One of the few remaining manufacturing companies, Caribbean Cement, like most survivors, is minority owned by Jamaicans.

I’ve decided to take a break from writing, get off my butt and get some other action going. Jamaica is looking at an election in three years, with one of two deadbeat political parties expected to again take us on that ride to nowhere. I hear some calling for boycotting elections, but I think that’s a lousy option. We the people should be able to direct our fate. If we do not take charge, it’ll be the citizens who suffer, not the politicians.

What do you think, can the National Democratic Movement (NDM) be resuscitated in the hands of the right leadership, someone with the calibre of contractor general, Greg Christie? I wasn’t really around during the NDM’s most active period and thus was not acquanted with the party’s impact. But what do you think? People are weary and sufering post-traumatic stress disorder from the bloodbath, the stink of the corruption and the lack of any contrition on the part of our current miserable crop of leaders.

It will be a tragedy if either one of them returns, unrepentant and gloating, to continue feeding at the trough and feeding the nation the bullsh*t we’ve been choking on since independence. Even their garrison residents are finally wising up to the fact that, in the immortal words of Malcolm X, “we’ve been took, we’ve been had, we’ve been misled”. It’s just that the masses have resigned themselves to being ruled by kleptocrats for they feel there is no other option.

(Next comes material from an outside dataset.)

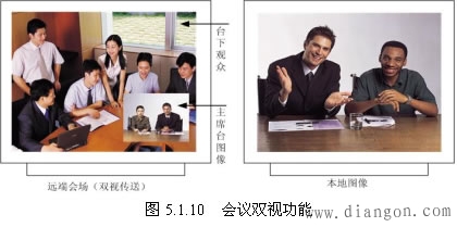通常的视讯终端只能同时传送1路摄像机活动图像,即使终端同时接了多台摄像机,通常只能采用切换方式选择其中1路传送。选择内置双视传送功能的视频会议终端,在不增加会议带宽的情况下,可以同时将2路的摄像机实时图像传送给远端,通过该功能,大大增强了视频会议的临场效果。例如,主席会场的终端可将会场中与会者的活动图像和主席台上演讲人活动图像同时传到远端会场,这样各分会场就可以同时看到主会场与会者的图像以及演讲人的实时图像,更真实的再现主会场的情况。

I remember waving the new Jamaican flag in my little fist at 7 years old as soon as the Union Jack was with much ceremony replaced, and what hope our parents had at the birthing of our new nation! Those insufferable British colonialists had left us a vibrant mass transit system with the JOS network and the Railway Corporation.

My parents said we had tramcars at one time, just like those in San Francisco. But we mash it up. Jamaica Public Service Co the power company and the National Water Commission were in excellent shape. Queen Victoria Park, downtown Kingston, was always perfectly groomed, in bloom, and after dark pungent with the fragrance of night jasmine. There was even a working fountain and public restrooms. The cement factory was ours, the silos standing proud on the way to the airport. But we give dem wey. And we don’t believe maintenance is important; we erect monuments with flourish and leave them to maintain themselves to dereliction.

Growing up, I remember the Purina Chows silo, the huge Tia Maria bottle atop the factory building out by Four Miles, with Red Stripe, Canada Dry sodas, Metal Box, Juredini, Seprod, Diamond Mineral Water, and many other factories in that Industrial complex. I remember the factory grounds being well manicured and the buildings spotless. Cremo and United Dairy Farmers supplied us with ice cream, D&G used to belong to us. So did our own Blue Mountain coffee brand. And we developed a bustling free zone industrial complex as well. What went wrong?

A demitasse of Blue Mountain coffee sells in Tokyo for over US$12! Where has all this profit gone?

We share in the blame, for we have not really been model citizens. We have not spoken out and we haven’t stood up. But it’s not too late. We need to soundly reject the present crop of politicians. They have served themselves and not the people. They have ruined the country and our reputation, misappropriated our birthright, and will ride off into the sunset with the spoils.

But we must NOT give them an opportunity to finish us off. We must reject them. We cannot and must not be limited to the JLPNP – for the old farts aren’t going to let go – and let those with vision and energy lead. And the youth currently among them have been already contaminated.

The NDM may just be on the hunt for a leader, but the party needs membership. I think we should support it. What do you think?